What the task asks:
Exactly as written, print the lines from the top of the listing through the line containing "Các đồng chí"; include no pictures.

Excerpted records:
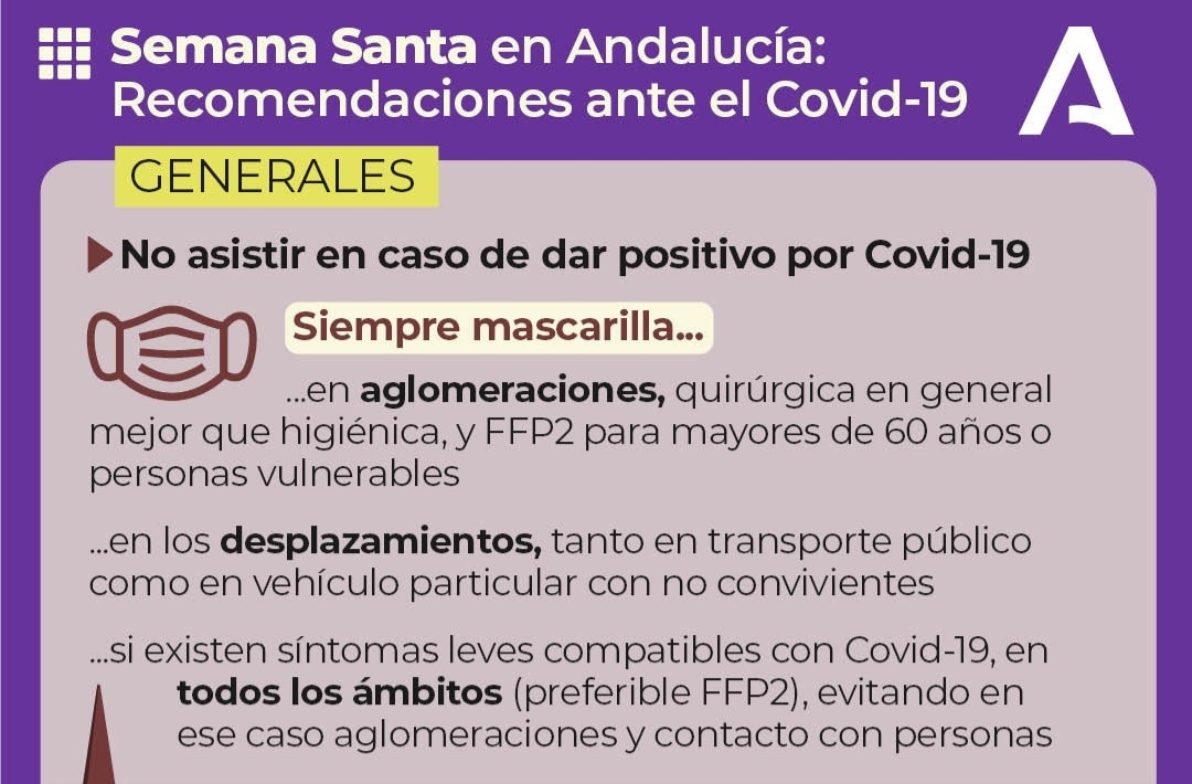 Salud recomienda mantener la mascarilla en los desplazamientos durante la Semana Santa NOTA INFORMATIVA
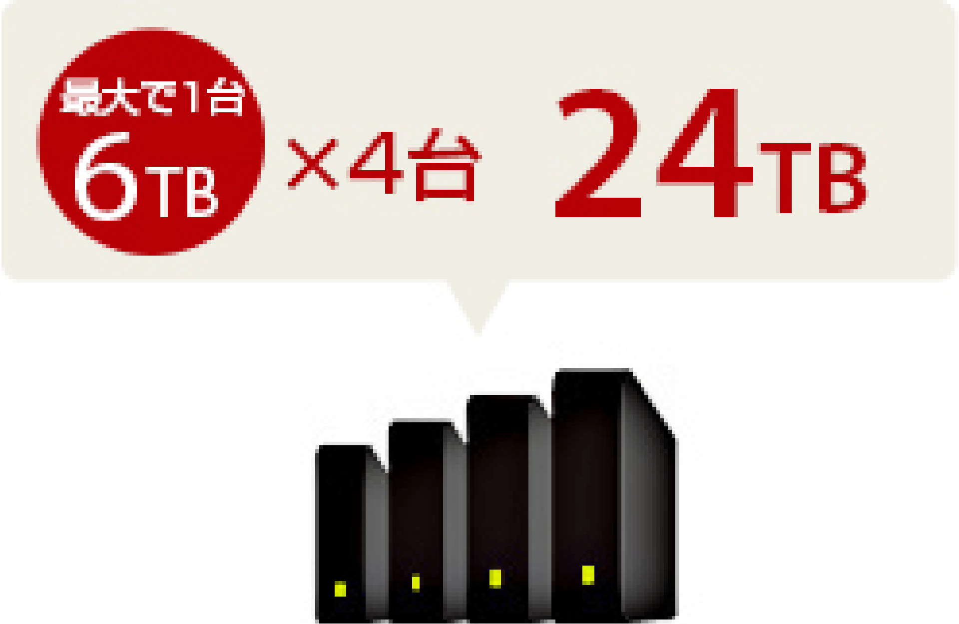 最大で1台6TBのUSBハードディスクまで使用可能。4台同時接続すると、最大24TBのハードディスク容量を使うことが可能です。
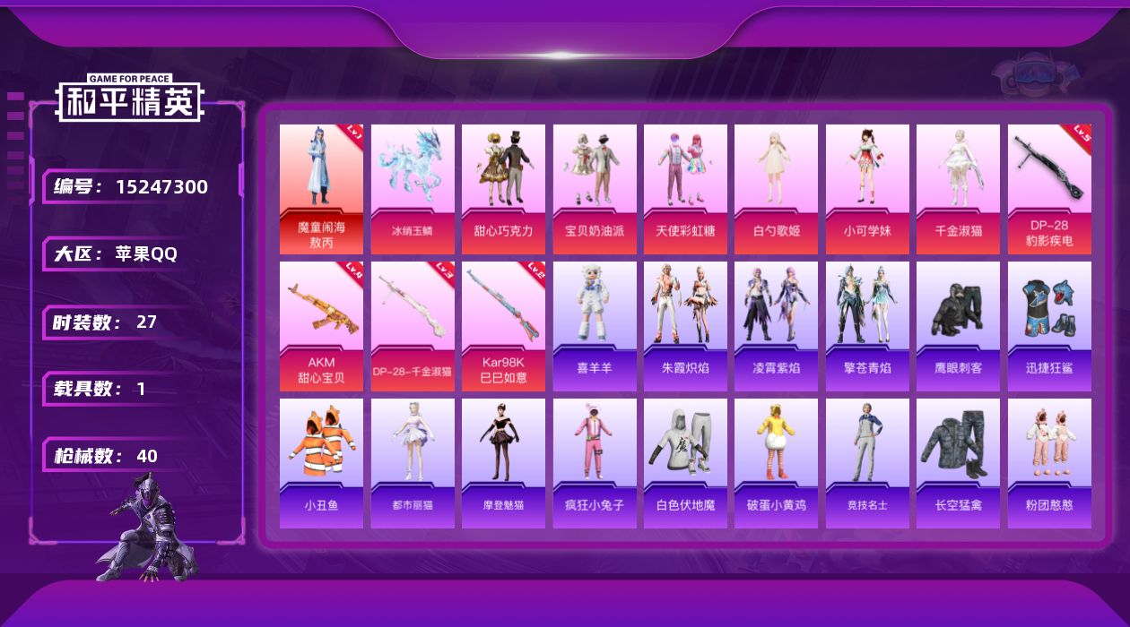 [15247300]【特价急出/详情看图】:苹果 手Q-1神装-6粉装-4特效枪-1载具-3粉色飞行器-1.5w热力值-1王牌印记-27套装-40枪皮【红色神装等级】:魔童闹海-敖丙(一级)【热门品类】:套装-小丑鱼【粉色载具】:冰绡玉鳞【粉色套装】:粉装-甜心巧克力,粉装-宝贝奶油派,粉装-天使彩虹糖,角色-白勺歌姬,角色-小可学妹,角色-千金淑猫【粉色枪皮等级】:AKM-甜心宝贝(四级),Kar98K-巳巳如意(二级),DP-28-千金淑猫(三级),DP-28-豹影疾电(五级)【粉色飞行器】:飞天猪飞行器,灵珠游龙飞行器
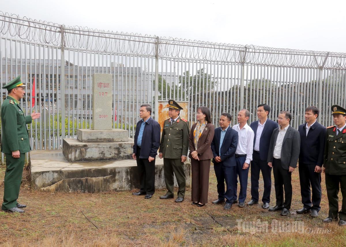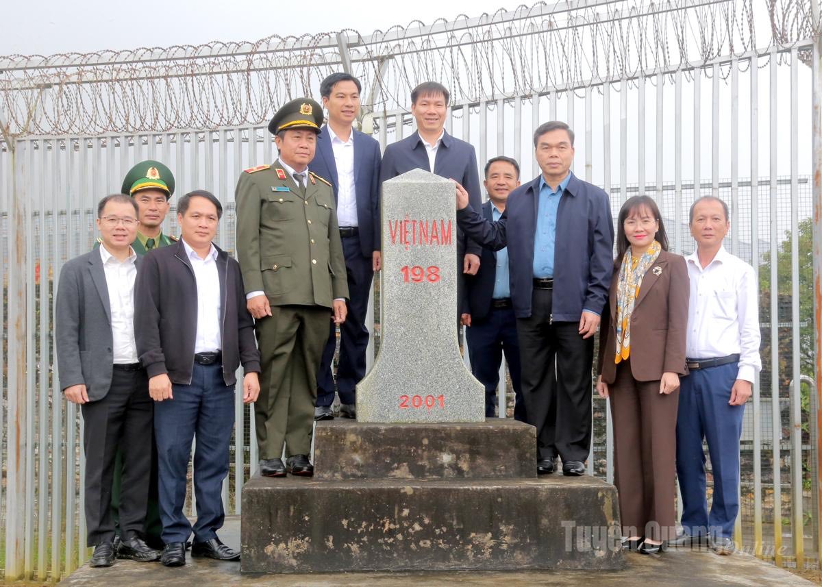 Các đồng chí lãnh đạo tỉnh thăm cộc mốc 198, thôn Tả Mù Cán, xã Xín Mần.
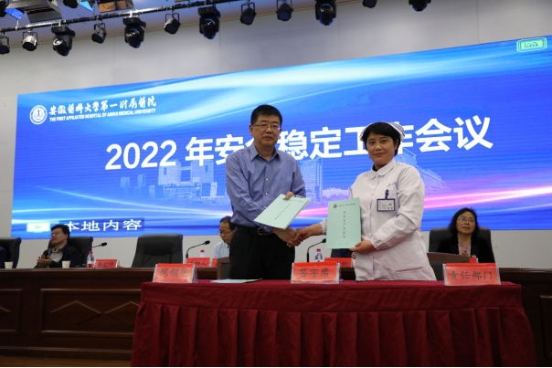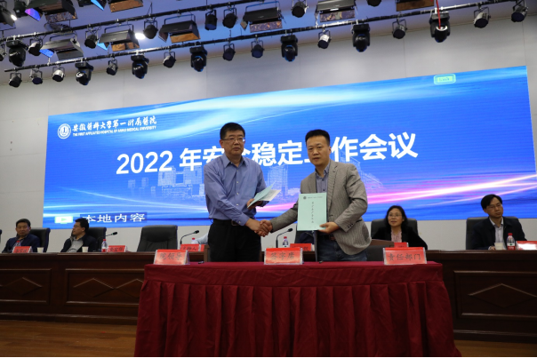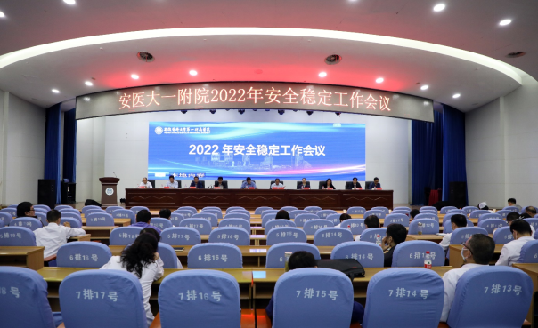 4月8日下午,安徽医科大学第一附属医院2022年安全稳定工作会议在内科医技楼四楼会议中心召开。院党委书记金宗祥作工作报告,党委副书记、副院长刘全礼主持会议。院领导李家斌、费广鹤、王珩、李琮、陈旭林、谢峰、丁长明出席会议。
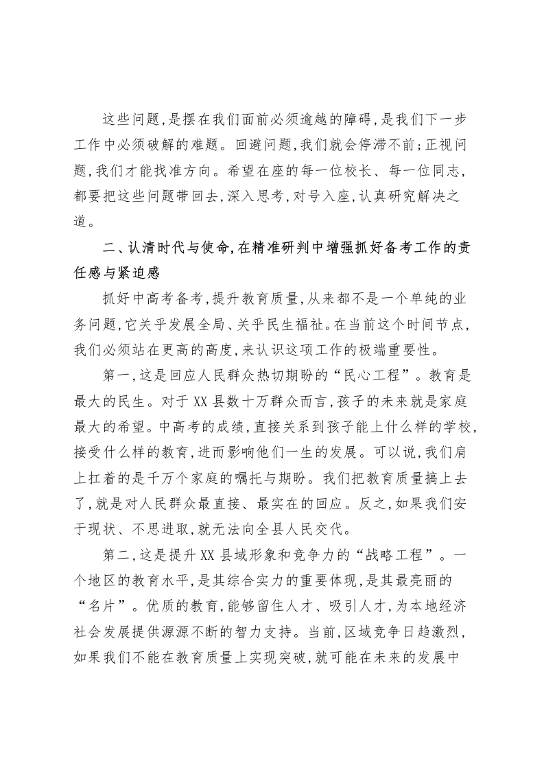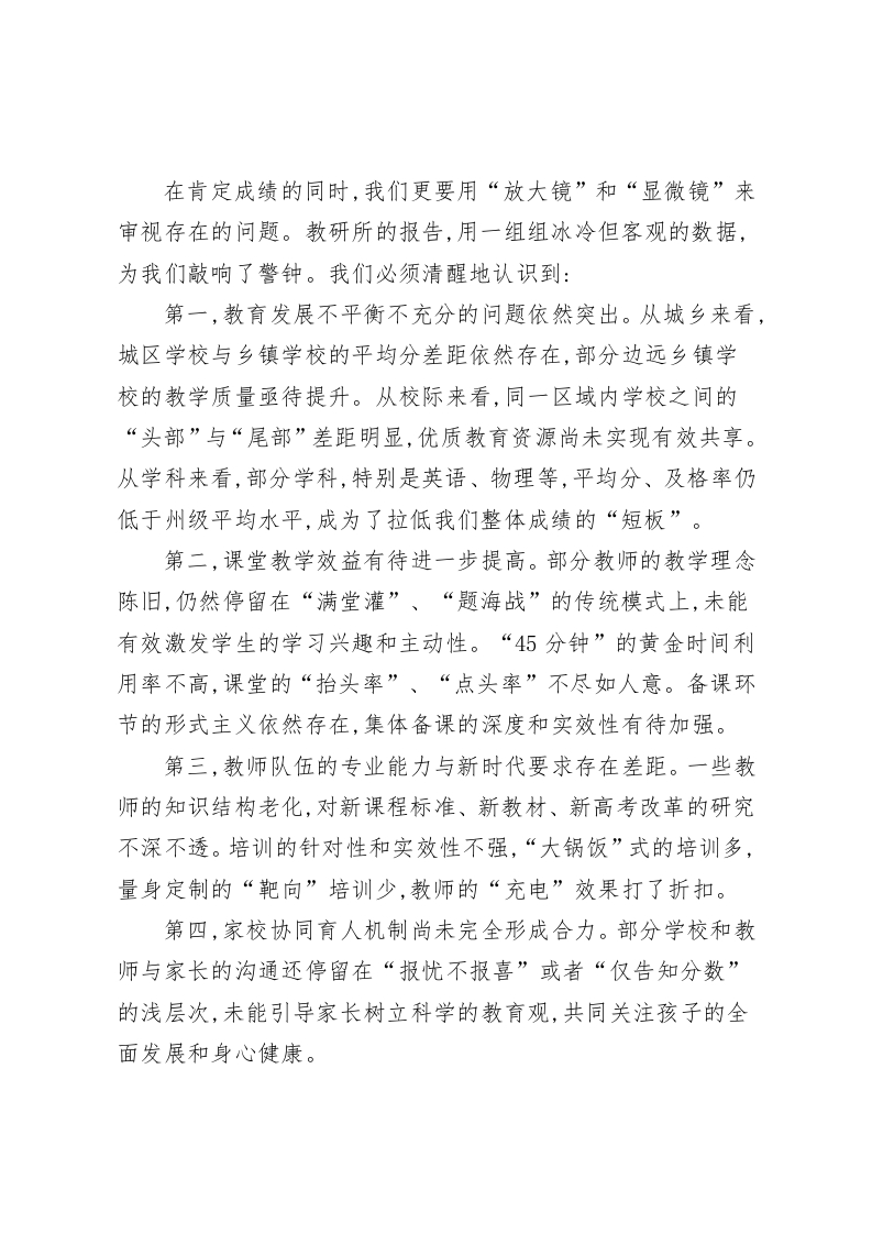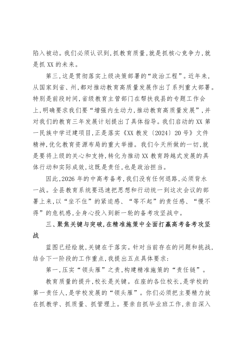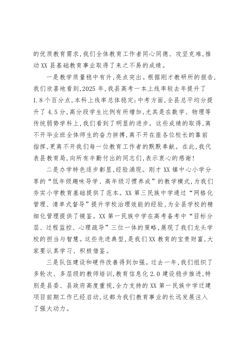 在X县2025年基础教育质量分析暨中高考备考工作启动会议上的讲话同志们:今天,我们在这里召开全县基础教育质量分析暨中高考备考工作启动会议,这是一次承前启后、继往开来的关键会议。刚才,XX同志宣读了表彰决定,教研所对2025年全县的教学质量进行了全面、详实的数据剖析,XX镇中心小学、X第三民族中学、XX第一民族中学三所学校的代表也从不同维度分享了宝贵的实践经验。他们的发言,既展示了我们过去一年辛勤耕耘的成果,也为我们接下来的工作提供了有益的启示。召开这次会议,目的非常明确:就是要以最客观的数据回顾过去,以最清醒的头脑分析现在,以最坚定的决心部署未来。2026年的中高考,不仅是对我们教学成果的一次大检阅,更是关系到XX县千家万户切身利益、关系到XX教育未来声誉的一场硬仗。我们必须统一思想、凝聚共识,以“起步即冲刺,开局即决战”的姿态,全面开启新一轮的备考周期。下面,我围绕“回顾总结、分析形势、部署任务”三个方面,讲几点意见。一、正视成绩与不足,在回顾反思中坚定高质量发展的信心与决心过去的一学年,是全县教育系统迎难而上、砥砺奋进的一年。面对教育改革的深化、生源结构的变动以及人民群众日益增长
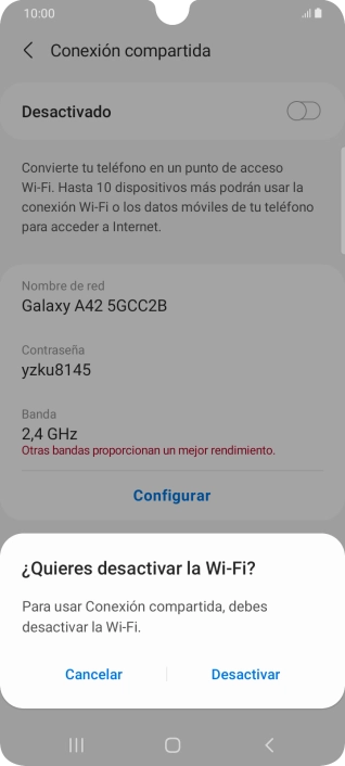 Pulsa el indicador bajo "Conexión compartida" para activar la función.
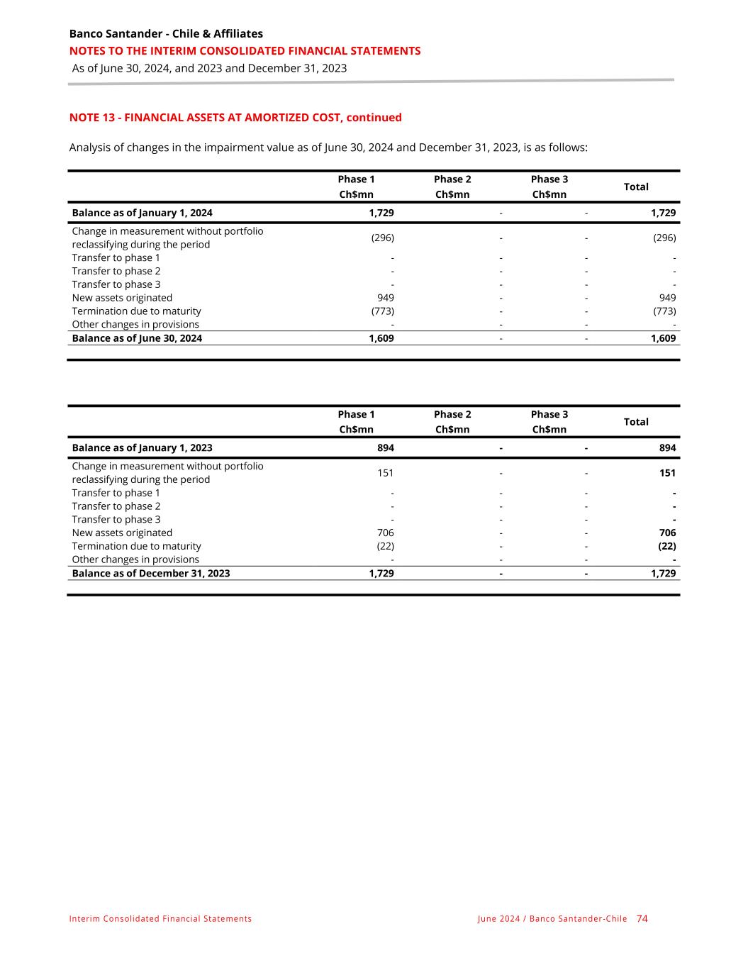 Banco Santander - Chile & Affiliates NOTES TO THE INTERIM CONSOLIDATED FINANCIAL STATEMENTS As of June 30, 2024, and 2023 and December 31, 2023 Interim Consolidated Financial Statements June 2024 / Banco Santander -Chile 74 NOTE 13 - FINANCIAL ASSETS AT AMORTIZED COST, continued Analysis of changes in the impairment value as of June 30, 2024 and December 31, 2023, is as follows: Phase 1 Phase 2 Phase 3 Total Ch$mn Ch$mn Ch$mn Balance as of January 1, 2024 1,729 - - 1,729 Change in measurement without portfolio reclassifying during the period (296) - - (296) Transfer to phase 1 - - - - Transfer to phase 2 - - - - Transfer to phase 3 - - - - New assets originated 949 - - 949 Termination due to maturity (773) - - (773) Other changes in provisions - - - - Balance as of June 30, 2024 1,609 - - 1,609 Phase 1 Phase 2 Phase 3 Total Ch$mn Ch$mn Ch$mn Balance as of January 1, 2023 894 - - 894 Change in measurement without portfolio reclassifying during the period 151 - - 151 Transfer to phase 1 - - - - Transfer to phase 2 - - - - Transfer to phase 3 - - - - New assets originated 706 - - 706 Termination due to maturity (22) - - (22) Other changes in provisions - - - - Balance as of December 31, 2023 1,729 - - 1,729

Solution to this task:
 Salud recomienda mantener la mascarilla en los desplazamientos durante la Semana Santa NOTA INFORMATIVA
 最大で1台6TBのUSBハードディスクまで使用可能。4台同時接続すると、最大24TBのハードディスク容量を使うことが可能です。
 [15247300]【特价急出/详情看图】:苹果 手Q-1神装-6粉装-4特效枪-1载具-3粉色飞行器-1.5w热力值-1王牌印记-27套装-40枪皮【红色神装等级】:魔童闹海-敖丙(一级)【热门品类】:套装-小丑鱼【粉色载具】:冰绡玉鳞【粉色套装】:粉装-甜心巧克力,粉装-宝贝奶油派,粉装-天使彩虹糖,角色-白勺歌姬,角色-小可学妹,角色-千金淑猫【粉色枪皮等级】:AKM-甜心宝贝(四级),Kar98K-巳巳如意(二级),DP-28-千金淑猫(三级),DP-28-豹影疾电(五级)【粉色飞行器】:飞天猪飞行器,灵珠游龙飞行器
 Các đồng chí lãnh đạo tỉnh thăm cộc mốc 198, thôn Tả Mù Cán, xã Xín Mần.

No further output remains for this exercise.